Many people do not realize that there are several options to avoid balloon payments when investing in real estate notes. There are three specific techniques that you can use to avoid the impact of balloon payments. This article will show you how to be more effective using three special techniques. Many can benefit from this article, including experienced real estate investors, brokers, agents, builders, developers, as well as intermediate investors who want to learn additional techniques regarding balloon payments. Balloons are loans where, when the loan is paid off, a particular extra sum is due and is usually done in commercial real estate industry rather than the residential real estate industry.
Just think of how much money you could save as an investor, broker, agent, builder, or developer if you could easily avoid balloon payments. Not only will you save a lot of money, but you will also save time because you have the three specific techniques right here for you to follow. Balloon mortgage loans are often sought after by sellers because they do not have to wait thirty years for the payments to come dribbling in each and every month. A balloon mortgage loan is set for a much shorter period of time, for example, seven years. At the end of the seven years of payments, the buyer will usually have to pay more to get the loan completely paid off, since it is so much shorter than a traditional thirty year home mortgage loan. This is why it is so much more popular in commercial real estate than in residential real estate.
The Three Techniques You Need to Be a Real Estate Note Expert ?

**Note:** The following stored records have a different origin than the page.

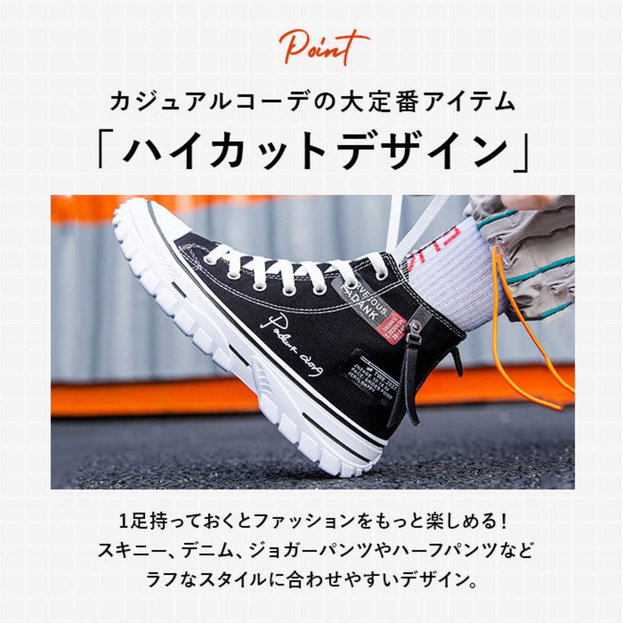 ・定番のハイカットスニーカーに、こなれ感をプラスしてデザイン性をUP。サイドの英字デザインとチャームで、ひと味違う仕上がりに☆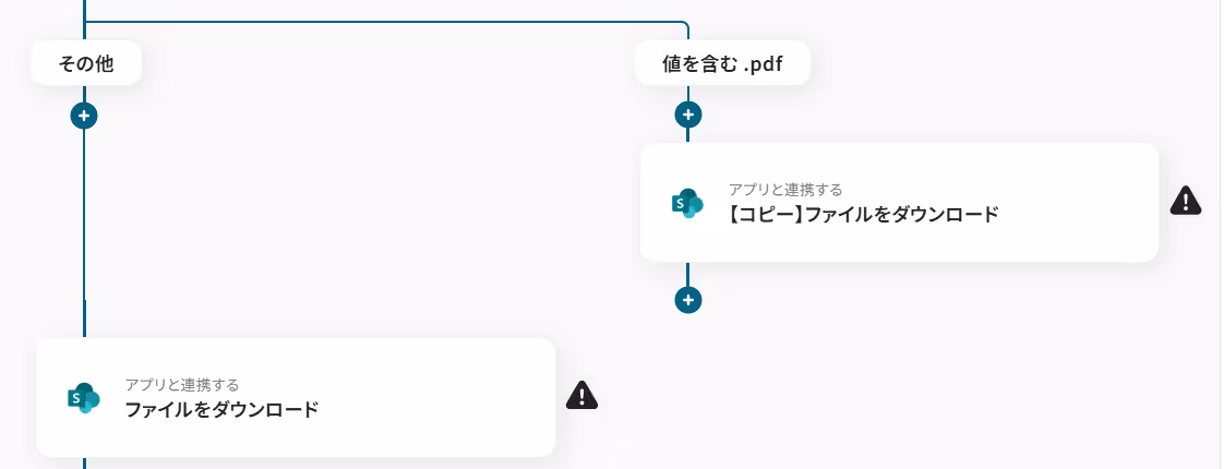 A:可能です!分岐設定をもう一つ追加しましょう。例えば、PDFファイルのみを連携させたい場合、分岐条件を「アイテム名が特定の拡張子(.pdf)を含む場合」に設定することで、実現できます!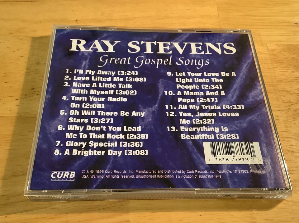 Great Gospel Songs by Ray Stevens (CD, Dec-1995, Curb). Preowned in good condition. 13 gospel songs produced in 1996. Feel free to email with questions. I do combine shipping on multiple purchases. Have a great day!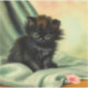 Sticker featuring a loveable black kitten! The green eyed kitten sits on a blanket with a pink flower. A beautiful gift for cat lovers and Victorian art enthusiasts!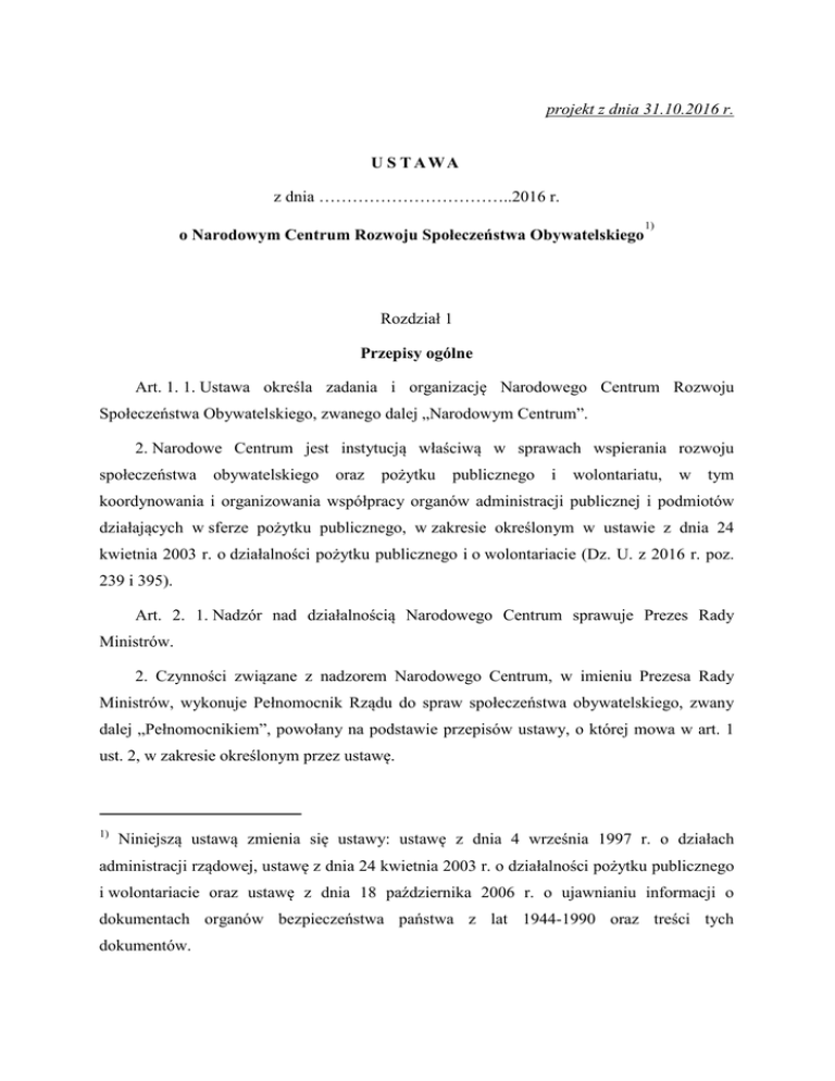 projekt z dnia 31.10.2016 r. U S T AWA z dnia ……………………………..2016 r. o Narodowym Centrum Rozwoju Społeczeństwa Obywatelskiego 1) Rozdział 1 Przepisy ogólne Art. 1. 1. Ustawa określa zadania i organizację Narodowego Centrum Rozwoju Społeczeństwa Obywatelskiego, zwanego dalej „Narodowym Centrum”. 2. Narodowe Centrum jest instytucją właściwą w sprawach wspierania rozwoju społeczeństwa obywatelskiego oraz pożytku publicznego i wolontariatu, w tym koordynowania i organizowania współpracy organów administracji publicznej i podmiotów działających w sferze pożytku publicznego, w zakresie określonym w ustawie z dnia 24 kwietnia 2003 r. o działalności pożytku publicznego i o wolontariacie (Dz. U. z 2016 r. poz. 239 i 395). Art. 2. 1. Nadzór nad działalnością Narodowego Centrum sprawuje Prezes Rady Ministrów. 2. Czynności związane z nadzorem Narodowego Centrum, w imieniu Prezesa Rady Ministrów, wykonuje Pełnomocnik Rządu do spraw społeczeństwa obywatelskiego, zwany dalej „Pełnomocnikiem”, powołany na podstawie przepisów ustawy, o której mowa w art. 1 ust. 2, w zakresie określonym przez ustawę. 1) Niniejszą ustawą zmienia się ustawy: ustawę z dnia 4 września 1997 r. o działach administracji rządowej, ustawę z dnia 24 kwietnia 2003 r. o działalności pożytku publicznego i wolontariacie oraz ustawę z dnia 18 października 2006 r. o ujawnianiu informacji o dokumentach organów bezpieczeństwa państwa z lat 1944-1990 oraz treści tych dokumentów. –2– 3. Narodowe Centrum jest agencją wykonawczą w rozumieniu ustawy z dnia 27 sierpnia 2009 r. o finansach publicznych (Dz. U. z 2013 r. poz. 885, z późn. zm. 2)) powołaną do realizacji zadań z zakresu rozwoju społeczeństwa obywatelskiego. 4. Siedzibą Narodowego Centrum jest miasto stołeczne Warszawa. 5. Prezes Rady Ministrów nadaje, w drodze zarządzenia, statut, który określa organizację wewnętrzną Narodowego Centrum. Rozdział 2 Organy i organizacja Narodowego Centrum Art. 3. Organami Narodowego Centrum są: 1) Prezes Narodowego Centrum; 2) Rada Narodowego Centrum. Art. 4. 1. Prezes Narodowego Centrum jest powoływany przez Prezesa Rady Ministrów na pięcioletnią kadencję, spośród osób, które: 1) posiadają obywatelstwo polskie; 2) korzystają z pełni praw publicznych; 3) posiadają wyższe wykształcenie magisterskie lub równorzędne; 4) posiadają odpowiednią wiedzę w zakresie działalności pożytku publicznego i wolontariatu w Rzeczypospolitej Polskiej, posiadają co najmniej 5-letnie doświadczenie w sektorze obywatelskim; 5) nie były skazane prawomocnym wyrokiem za umyślne przestępstwo lub umyślne przestępstwo skarbowe; 6) cieszą się nieposzlakowaną opinią i dają rękojmię prawidłowego wykonywania powierzonych zadań; 2) Zmiany tekstu jednolitego wymienionej ustawy zostały ogłoszone w Dz. U. z 2013 r. poz. 938 i 1646, z 2014 r. poz. 379, 911, 1146, 1626 i 1877, z 2015 r. poz. 238, 532 , 1117, 1045, 1130, 1189, 1190 , 1269, 1358, 1513, 1830, 1854, 1890 i 2150, z 2016 r. poz. 195. –3– 7) posiadają znajomość języka angielskiego w stopniu umożliwiającym swobodne porozumiewanie się w zakresie działalności Narodowego Centrum. 2. Prezes Narodowego Centrum pełni obowiązki do dnia powołania swego następcy. Art. 5. 1. Prezes Rady Ministrów odwołuje Prezesa Narodowego Centrum przed upływem kadencji wyłącznie w przypadku: 1) zaprzestania spełniania któregokolwiek z wymagań określonych w art. 4 ust. 1 pkt 1, 2, 5, lub 2) rezygnacji ze stanowiska, lub 3) utraty zdolności do pełnienia powierzonych obowiązków na skutek długotrwałej choroby, trwającej dłużej niż 6 miesięcy, lub 4) działania niezgodnego z prawem, zasadami rzetelności, gospodarności, celowości a także etyki zawodowej; 5) niezatwierdzenia rocznego sprawozdania z działalności Narodowego Centrum lub jego nieprzedstawienia w terminie określonym w art. 7 ust. 6; 6) niezatwierdzenia rocznego sprawozdania finansowego lub jego nieprzedstawienia w terminie określonym w art. 7 ust. 7. 2. Kadencja Prezesa Narodowego Centrum wygasa w razie jego śmierci lub odwołania. 3. W razie wygaśnięcia kadencji Prezesa Narodowego Centrum, o którym mowa w ust. 2, do czasu powołania nowego Prezesa Narodowego Centrum, jego obowiązki pełni Zastępca Prezesa Narodowego Centrum wskazany przez Prezesa Rady Ministrów. Art. 6. 1 Zastępców Prezesa Narodowego Centrum powołuje Prezes Rady Ministrów na wniosek Prezesa Narodowego Centrum. Zastępcą Prezesa Narodowego Centrum może być osoba, która spełnia wymogi określone w art. 4 ust. 1. 2. Prezes Rady Ministrów, na wniosek Prezesa Narodowego Centrum, odwołuje zastępców Prezesa Narodowego Centrum. Art. 7. 1. Prezes Narodowego Centrum kieruje działalnością Narodowego Centrum, w szczególności podejmuje decyzje we wszystkich sprawach niezastrzeżonych dla Rady Narodowego Centrum. 2. Prezes Narodowego Centrum przygotowuje i przedstawia do zatwierdzenia Pełnomocnikowi do dnia 30 sierpnia każdego roku projekt rocznego planu działalności –4– Narodowego Centrum na rok kolejny, pozytywnie zaopiniowany przez Radę Narodowego Centrum. 3. Prezes Narodowego Centrum jest uprawniony do samodzielnego dokonywania czynności prawnych w imieniu Narodowego Centrum i reprezentuje je na zewnątrz. 4. Prezes Narodowego Centrum jest odpowiedzialny za gospodarkę finansową Narodowego Centrum oraz za zarządzanie i gospodarowanie majątkiem Narodowego Centrum. 5. Prezes Narodowego Centrum przygotowuje: 1) projekt rocznego planu finansowego Narodowego Centrum; 2) projekt rocznego planu działalności Narodowego Centrum; 3) okresowe i końcowe sprawozdania z realizacji programów Narodowego Centrum; 4) roczne sprawozdanie z działalności Narodowego Centrum; 5) roczne sprawozdania finansowe Narodowego Centrum. 6. W terminie do dnia 31 marca każdego roku Prezes Narodowego Centrum przedstawia Pełnomocnikowi do

Technique 1 ? Small balloons
A little balloon payment that is less than the complete quantity of a note usually refers to what is known as a bubble in the real estate industry. You need to ask yourself what the seller's needs are for selling the property. Do they need more money now, or can they take payments for a few years? Understanding the seller will help you out tremendously in determining the strategy in which to pursue. Knowing what the seller is looking for can help you a great deal. Sometimes, they simply do not come out and say what they really want from you the buyer and that leaves you to figure it out for yourself. Find out if the seller needs more money now rather than later. It can save both of you a lot of time and money in the long run. The seller might be willing to accept small sums over a certain period of time.

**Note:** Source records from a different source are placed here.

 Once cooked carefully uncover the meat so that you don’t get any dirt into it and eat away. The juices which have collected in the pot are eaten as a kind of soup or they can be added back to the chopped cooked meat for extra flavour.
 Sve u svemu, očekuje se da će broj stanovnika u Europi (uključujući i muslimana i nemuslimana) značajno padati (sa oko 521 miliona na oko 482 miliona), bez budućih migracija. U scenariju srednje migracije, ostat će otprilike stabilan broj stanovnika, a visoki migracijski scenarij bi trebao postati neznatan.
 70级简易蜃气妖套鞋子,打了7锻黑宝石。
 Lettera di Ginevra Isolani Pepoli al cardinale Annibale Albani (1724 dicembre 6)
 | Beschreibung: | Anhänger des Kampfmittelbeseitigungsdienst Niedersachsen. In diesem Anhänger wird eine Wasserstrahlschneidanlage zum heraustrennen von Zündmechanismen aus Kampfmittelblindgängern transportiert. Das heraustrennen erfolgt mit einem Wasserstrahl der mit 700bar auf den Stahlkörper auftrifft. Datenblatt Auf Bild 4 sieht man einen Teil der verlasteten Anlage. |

You can also seal the deal by giving the seller a higher interest rate with no balloon. If you pay off the loan quickly, you won't even get stuck with that high interest rate! Also, if someone else buys it, they can simply refinance the loan for a lower interest rate.

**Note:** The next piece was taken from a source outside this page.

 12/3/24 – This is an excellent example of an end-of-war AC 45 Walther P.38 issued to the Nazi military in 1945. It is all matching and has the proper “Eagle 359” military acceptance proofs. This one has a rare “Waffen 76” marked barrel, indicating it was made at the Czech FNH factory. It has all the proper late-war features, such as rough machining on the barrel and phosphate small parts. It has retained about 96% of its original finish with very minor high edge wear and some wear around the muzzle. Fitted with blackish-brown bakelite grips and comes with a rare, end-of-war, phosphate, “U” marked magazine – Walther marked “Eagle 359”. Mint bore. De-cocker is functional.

Sell the note to a paper investor after about five years of prompt payments for a nice profit. You can also extend the note for five more years if it has a good payment history and a good loan to value ratio.
According to Wikipedia, the shorter term of a balloon payment mortgage gives the lender better security against interest rate risk than a thirty year fixed rate loan, while giving the borrower the security of a fixed payment and possibly a lower interest rate than a thirty year fully amortizing fixed rate loan.
Technique 2 ? Partial Payments
Another way for the seller to receive the cash is to structure a plan to sell the next few years of payments to a paper investor. In doing this, you will not worry about a balloon payment in the next sixty months. When you come to the end of your balloon mortgage loan, you will have the ability to pay off the balloon payment in structured payments rather than paying it all off at once.
Technique 3 ? Extension Rate
You can also plug in an extension rate into the note that could make the seller happy with their rate of return. General knowledge is that the higher rate could encourage the buyer to refinance ? which achieves the same purpose. When you are working with a seller to sell a property the main idea is to close the deal and make both parties happy. By giving the seller a higher interest rate and allowing the buyer to refinance for a lower interest rate, you will be making both of them very happy, and you will most likely close the deal much quicker than if done another way.
Apply these three techniques and become a real estate note expert to increase your income and time management. By practicing these three techniques and keeping up with them you will be ahead of the game in your industry and be seen as a true expert in your field.